Notre ami le castor
Le castor tient son nom du latin "castrari", qui signifie "se châtrer". Cette explication nous est transmise dans divers ouvrages du Moyen Age, comme les Ethymologies d'Isidore de Seville, le Physiologus, le Bestiaire de Philippe de Thaon, où le castor apparaît sous le nom de beuvron (de "biber", le castor gaulois, proche de "beaver", ou castor anglais, proche de "beauvoir", le castor de la Sorbonne lui-même très proche de Jean-Paul Sartre). Le castor est un animal très intelligent. Tellement intelligent qu'il enseigne parfois la philosophie. Le castor se construit sa cabane à l'écart de la civilisation. Sans doute a-t'il lu Walden ou la vie dans les bois de Henry David Thoreau. Le castor a eu l'infortune d'être un animal à la mode du XVIe au XVIIIe siècle. Il fut chassé dans le Nouveau Monde (cf Atala, François-René de Chateaubriand, 1805) et revendu aux européens pour sa peau, utilisée dans la fabrication de chapeaux. Au regard de nos naturalistes médiévaux, il est chassé pour une autre raison: ses testicules passent pour avoir des vertus curatives. Le castor, étant un animal très intelligent, se châtre lorsqu'il est traqué et jette ses testicules à ses poursuivants bipèdes. La castration est une opération délicate, qui vraissemblablement doit être douloureuse, sauf si elle est bien faite, ce qui prouve bien que le castor a fait des études de médecine. Les chasseurs laissent alors le castor castré vaquer à sa vie de chaste castor qui, nous allons le voir n'est pas sans péril. Car si le castor pèse entre 25 et 40 kilos, ses testicules, eux, ne doivent peser qu'une dizaine de grammes tout au plus, soit roupie de sansonnet. Et l'on conçoit que même le plus fin des chasseurs, s'il en est, ne puisse qu'ignorer si l'animal qu'il piste est déjà châtré ou non. Notre eunuque castor et néanmoins ami, ainsi poursuivi et n'ayant rien à envoyer dans son sillage qui puisse apaiser la frénésie de son redoutable prédateur assoifé par l'appât d'un gain substanciel, se retourne, sans peur, et montre au chasseur les preuves de sa virilité perdue. Et le chasseur s'en retourne, la queue, plate, entre les jambes.Ce long préambule éclaircira le sens de ce court extrait de La Cousine Bette, où il est question de népotisme et de nominations à des postes administratifs lucratifs. M. Hulot reçoit quelques précieux conseils d'un confident. Balzac se réfère avec beaucoup d'humour à nos bestiaires médiévaux:
"Ainsi, dans votre position, au lieu de demander au maréchal la place de M. Coquet pour M. Marneffe, je le prierais d'user de son influence pour me réserver le Conseil d'Etat en service ordinaire, où je mourrais tranquille; et , comme le castor, j'abandonnerais ma direction générale aux chasseurs".

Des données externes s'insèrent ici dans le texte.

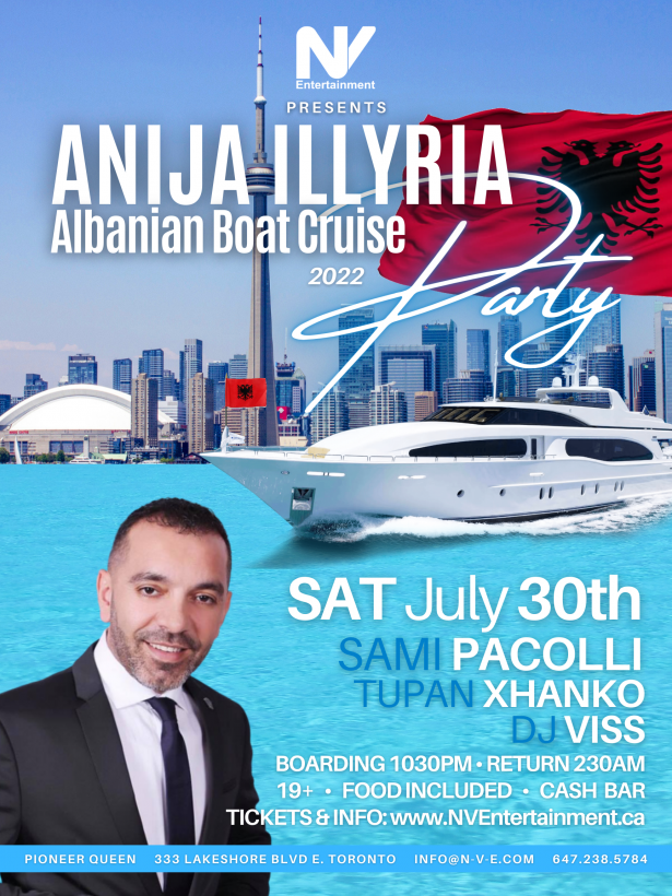 ANIJA ILLYRIA - ALBANIAN BOAT CRUISE PARTY Join NV Entertainment this summer for our annual Albanian Boat Cruise Party, 'Anija Illyria', located on Lake Ontario, Downtown Toronto, Canada! Date: Saturday July 30th 2022 Time: 1030PM-230AM - Note: Boarding starts at 10:30PM and the boat departs by 1045-11PM, Returns by 230AM - Please arrive early (by 10PM latest) to avoid traffic/parking/delays/line-ups! Address: 333 Lakeshore Blvd. E Downtown Toronto Boat: PIONEER QUEEN 19+ Social Event (Must provide a Government ID prior to entry) Evening Cruise on Lake Ontario, Downtown Toronto Music by DJ VISS Tupan by XHANKO Live Performance by SAMI PACOLLI (keyboard & singing) Full-Sized Cash Bar Food by Old Mill Cafe is included with your ticket! Meals will include Chevap & Burek (Cheese & Spinach)! Videography & Photography on board Bottle Service Available (10 Stand Up Tables Available) Retractable Roof Amazing Views of Downtown Toronto Newly renovated interiors Audio-visual equipment Mood lighting BUY YOUR TICKETS: General Admission: $80 • Online at: www.n-v-e.com or www.nventertainment.ca > Events • Online at: www.anijaillyria.eventbrite.com • At The Door (If Available) • E-Transfer: info@n-v-e.com > Must text 6472385784 or email with First Name, Last Name, Email Address, # Of Tickets. Food Caterers: Food by Old Mill Cafe is included with your ticket! Meals will include Chevap & Burek (Cheese & Spinach)! Videography/Photography on site. Check out the videos and pictures from 2016, 2017, 2018, 2019, 2021 on Facebook: www.facebook.com/nvgta Directions & Parking Address: 333 Lakeshore Blvd E. Downtown Toronto Paid-Parking Available On-Site Contact: Info@n-v-e.com (647)238-5784 www.n-v-e.com | www.nventertainment.ca Follow & Like us: www.facebook.com/NVGTA www.instagram.com/NVGTA www.twitter.com/NVGTA @NVGTA #NVGTA #NVEntertainment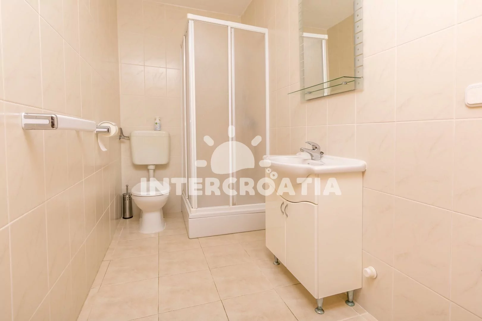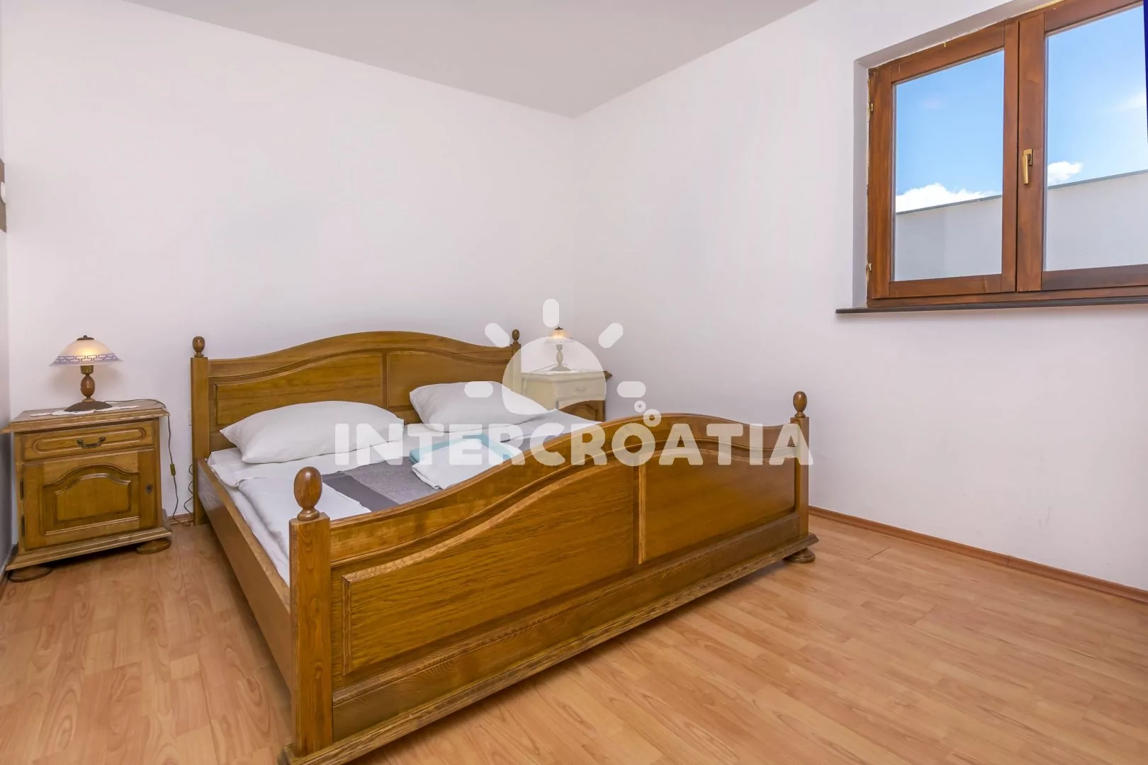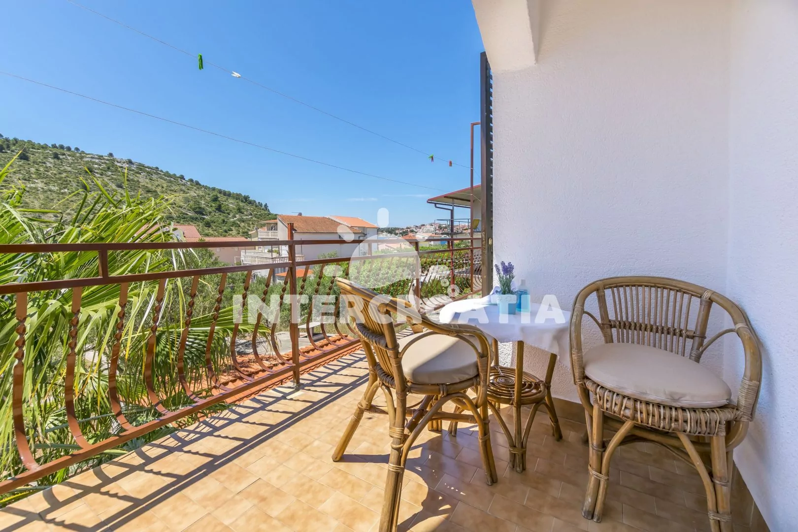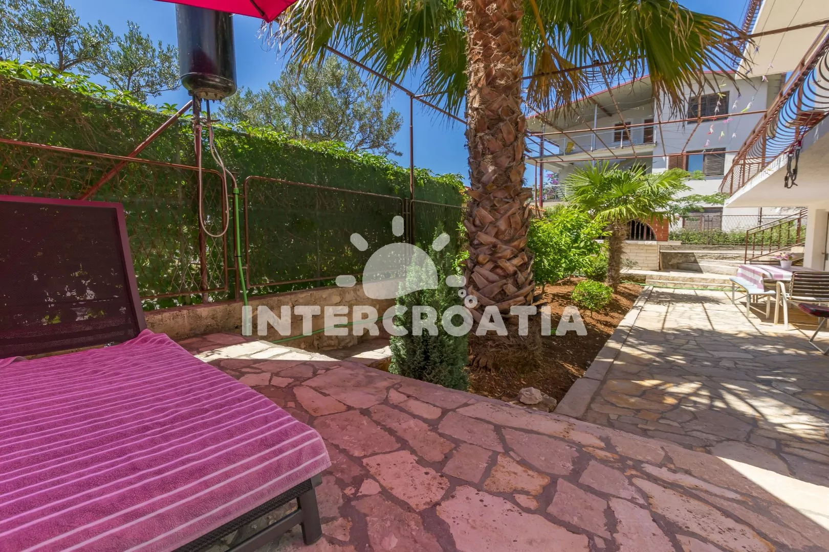 Apartmán (36 m2) se sdíleným balkonem, výhledem na moře a do klidné ulice se nachází v 1. patře domu a je vhodný pro 2 až 4 osoby. Obývací pokoj je spojený s kuchyní. Kuchyňská linka je vybavena sporákem s troubou, digestoří, rychlovarnou konvicí, nádobím a lednicí s mrazákem. Obývací pokoj s jídelním stolem pro 4 osoby, pohovkou (rozložitelná na extra lůžko pro 2 osoby, televizí se satelitním programem, klimatizací a vstupem na balkon. Ložnice s dvoulůžkem. Koupelna se sprchovým koutem, umyvadlem a wc. Hostům je k dispozici parkování u objektu zdarma.

La Cousine Bette, Honoré de Balzac, 1847.
L'utilisation du terme "direction générale" mise en parallèle avec l'attribut viril en dit long sur le contenu du livre, dont la trame n'est constituée que par des fils adultérins, des luttes d'amants, des mensonges de courtisanes. Si le sexe dicte leur conduite aux personnages de La Cousine Bette, il en va tout autrement pour notre ami le castor. C'est qu'il se fout de son premier sexe comme de sa chemise. En revanche, son Deuxième sexe semble avoir beaucoup plus d'intérêt. Je m'explique ainsi tant de désinvolture: le castoreum si prisé, encore utilisé de nos jours en parfumerie, ne s'extrait pas de la couille de castor. Il s'agit en fait d'une glande située sous la queue de notre cher ami… Comble de la bêtise humaine (et par-dessus tout de celle du chasseur)! Disons-le, le castor, quand il nous jette ses testicules à la figure et se garde pour lui son bien le plus précieux, ce castoreum, nous prend (et surtout le chasseur) pour ce que nous sommes face à sa grande intelligence: des cons.